## Aim of the task
Output, exactly as written, the lines below starting at the line containing "The MARAM Summary" and ending at the line containing "The cab of BNSF". Drop the pictures and keep both end lines.

## Provided material
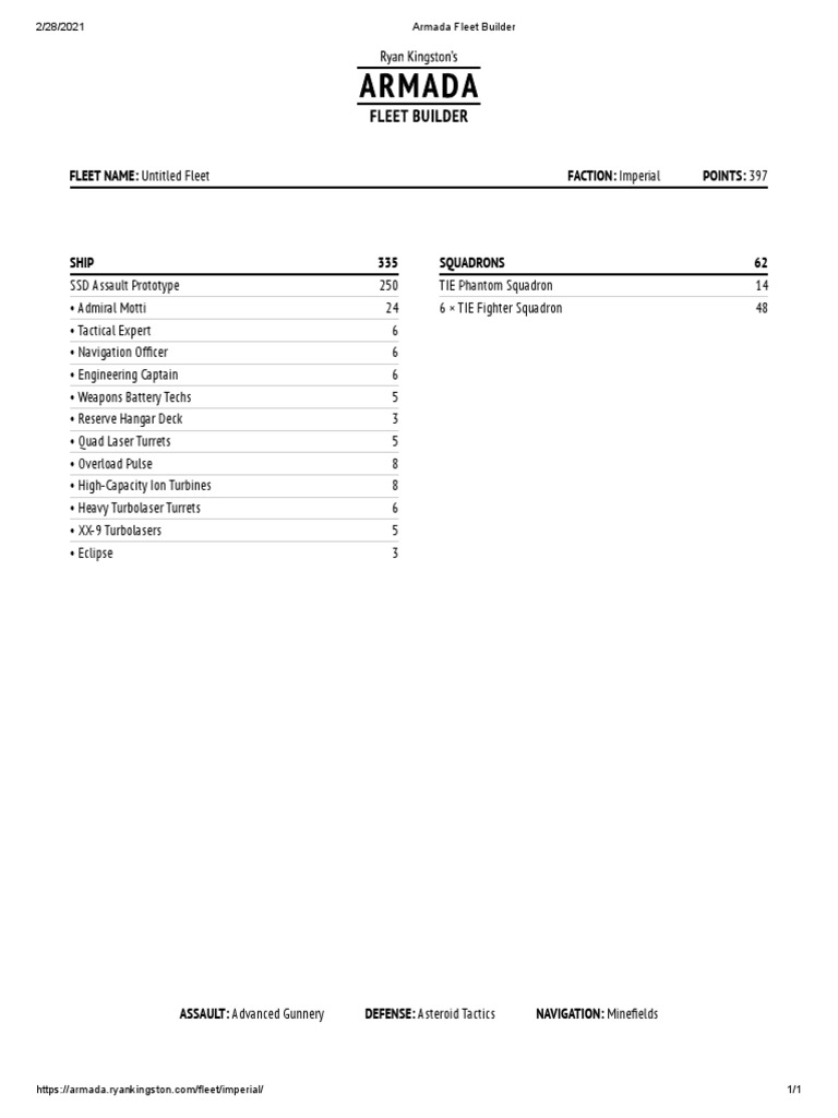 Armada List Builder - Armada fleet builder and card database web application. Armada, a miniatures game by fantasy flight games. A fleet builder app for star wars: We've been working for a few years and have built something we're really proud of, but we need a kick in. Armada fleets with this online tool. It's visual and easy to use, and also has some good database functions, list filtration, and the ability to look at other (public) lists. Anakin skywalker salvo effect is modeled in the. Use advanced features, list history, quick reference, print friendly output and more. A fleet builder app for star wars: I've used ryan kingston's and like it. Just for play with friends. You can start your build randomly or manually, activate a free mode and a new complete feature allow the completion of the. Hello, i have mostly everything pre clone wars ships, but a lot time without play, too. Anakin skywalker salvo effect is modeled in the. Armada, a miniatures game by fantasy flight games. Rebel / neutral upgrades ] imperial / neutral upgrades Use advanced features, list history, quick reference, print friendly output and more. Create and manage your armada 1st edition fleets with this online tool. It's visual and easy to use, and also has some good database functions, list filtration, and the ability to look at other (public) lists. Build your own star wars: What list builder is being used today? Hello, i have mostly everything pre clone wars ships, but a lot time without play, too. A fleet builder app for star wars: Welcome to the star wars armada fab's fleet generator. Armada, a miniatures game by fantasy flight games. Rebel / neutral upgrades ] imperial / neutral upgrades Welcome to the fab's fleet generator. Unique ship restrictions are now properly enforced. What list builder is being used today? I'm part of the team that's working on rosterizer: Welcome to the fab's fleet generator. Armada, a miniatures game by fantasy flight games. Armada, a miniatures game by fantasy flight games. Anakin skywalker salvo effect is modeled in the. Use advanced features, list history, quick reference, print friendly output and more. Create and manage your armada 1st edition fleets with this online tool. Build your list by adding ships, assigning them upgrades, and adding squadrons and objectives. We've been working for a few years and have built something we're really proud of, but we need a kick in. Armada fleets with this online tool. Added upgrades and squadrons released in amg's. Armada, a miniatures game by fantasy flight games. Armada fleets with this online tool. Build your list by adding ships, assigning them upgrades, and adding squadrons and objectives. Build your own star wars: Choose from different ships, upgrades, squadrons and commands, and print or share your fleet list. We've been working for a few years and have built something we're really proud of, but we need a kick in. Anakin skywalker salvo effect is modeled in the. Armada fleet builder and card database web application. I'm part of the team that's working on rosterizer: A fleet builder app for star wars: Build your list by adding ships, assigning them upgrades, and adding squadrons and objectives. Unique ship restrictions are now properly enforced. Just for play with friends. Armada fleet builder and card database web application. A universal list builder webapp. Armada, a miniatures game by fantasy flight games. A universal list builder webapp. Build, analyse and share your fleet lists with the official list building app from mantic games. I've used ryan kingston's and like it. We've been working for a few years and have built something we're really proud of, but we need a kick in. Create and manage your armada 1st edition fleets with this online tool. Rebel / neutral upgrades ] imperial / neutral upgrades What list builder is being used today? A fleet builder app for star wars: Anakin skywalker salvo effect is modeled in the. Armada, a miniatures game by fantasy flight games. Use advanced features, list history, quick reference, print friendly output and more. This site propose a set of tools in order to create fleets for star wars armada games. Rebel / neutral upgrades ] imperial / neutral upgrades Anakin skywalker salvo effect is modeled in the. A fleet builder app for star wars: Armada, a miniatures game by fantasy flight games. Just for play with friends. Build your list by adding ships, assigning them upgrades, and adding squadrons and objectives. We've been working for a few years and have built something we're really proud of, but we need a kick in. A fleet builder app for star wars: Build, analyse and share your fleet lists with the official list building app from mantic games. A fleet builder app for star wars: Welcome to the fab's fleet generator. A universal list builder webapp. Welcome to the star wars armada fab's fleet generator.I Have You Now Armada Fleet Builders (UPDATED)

==

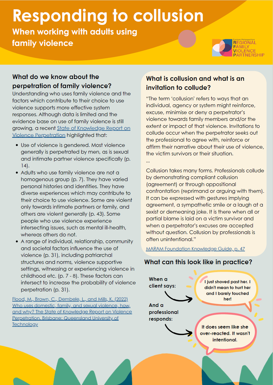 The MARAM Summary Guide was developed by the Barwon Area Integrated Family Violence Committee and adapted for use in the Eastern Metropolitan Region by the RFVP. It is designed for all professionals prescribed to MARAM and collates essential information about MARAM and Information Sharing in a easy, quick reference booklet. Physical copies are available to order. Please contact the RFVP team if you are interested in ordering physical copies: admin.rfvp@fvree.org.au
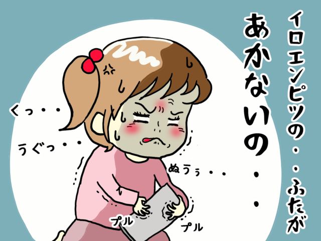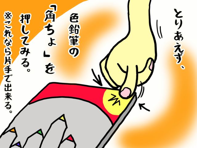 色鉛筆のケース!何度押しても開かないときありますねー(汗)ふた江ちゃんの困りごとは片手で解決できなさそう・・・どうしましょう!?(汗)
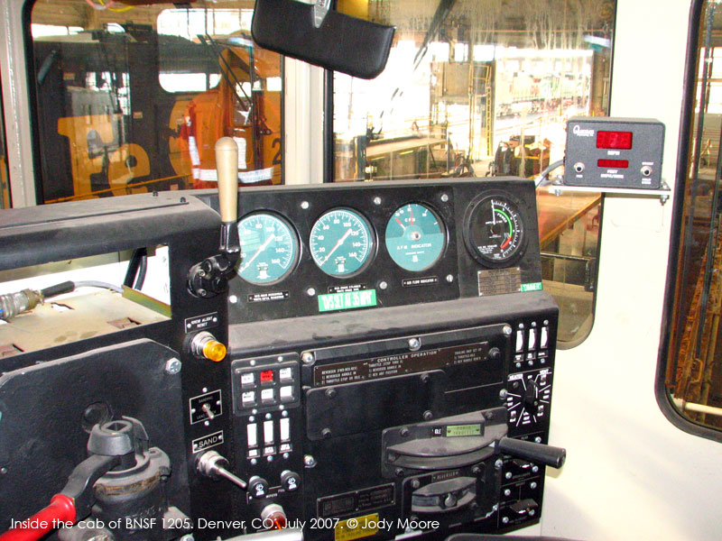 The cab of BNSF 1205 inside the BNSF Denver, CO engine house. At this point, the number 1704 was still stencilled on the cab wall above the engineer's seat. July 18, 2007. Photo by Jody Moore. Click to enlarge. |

## Completed task
 The MARAM Summary Guide was developed by the Barwon Area Integrated Family Violence Committee and adapted for use in the Eastern Metropolitan Region by the RFVP. It is designed for all professionals prescribed to MARAM and collates essential information about MARAM and Information Sharing in a easy, quick reference booklet. Physical copies are available to order. Please contact the RFVP team if you are interested in ordering physical copies: admin.rfvp@fvree.org.au
 色鉛筆のケース!何度押しても開かないときありますねー(汗)ふた江ちゃんの困りごとは片手で解決できなさそう・・・どうしましょう!?(汗)
 The cab of BNSF 1205 inside the BNSF Denver, CO engine house. At this point, the number 1704 was still stencilled on the cab wall above the engineer's seat. July 18, 2007. Photo by Jody Moore. Click to enlarge. |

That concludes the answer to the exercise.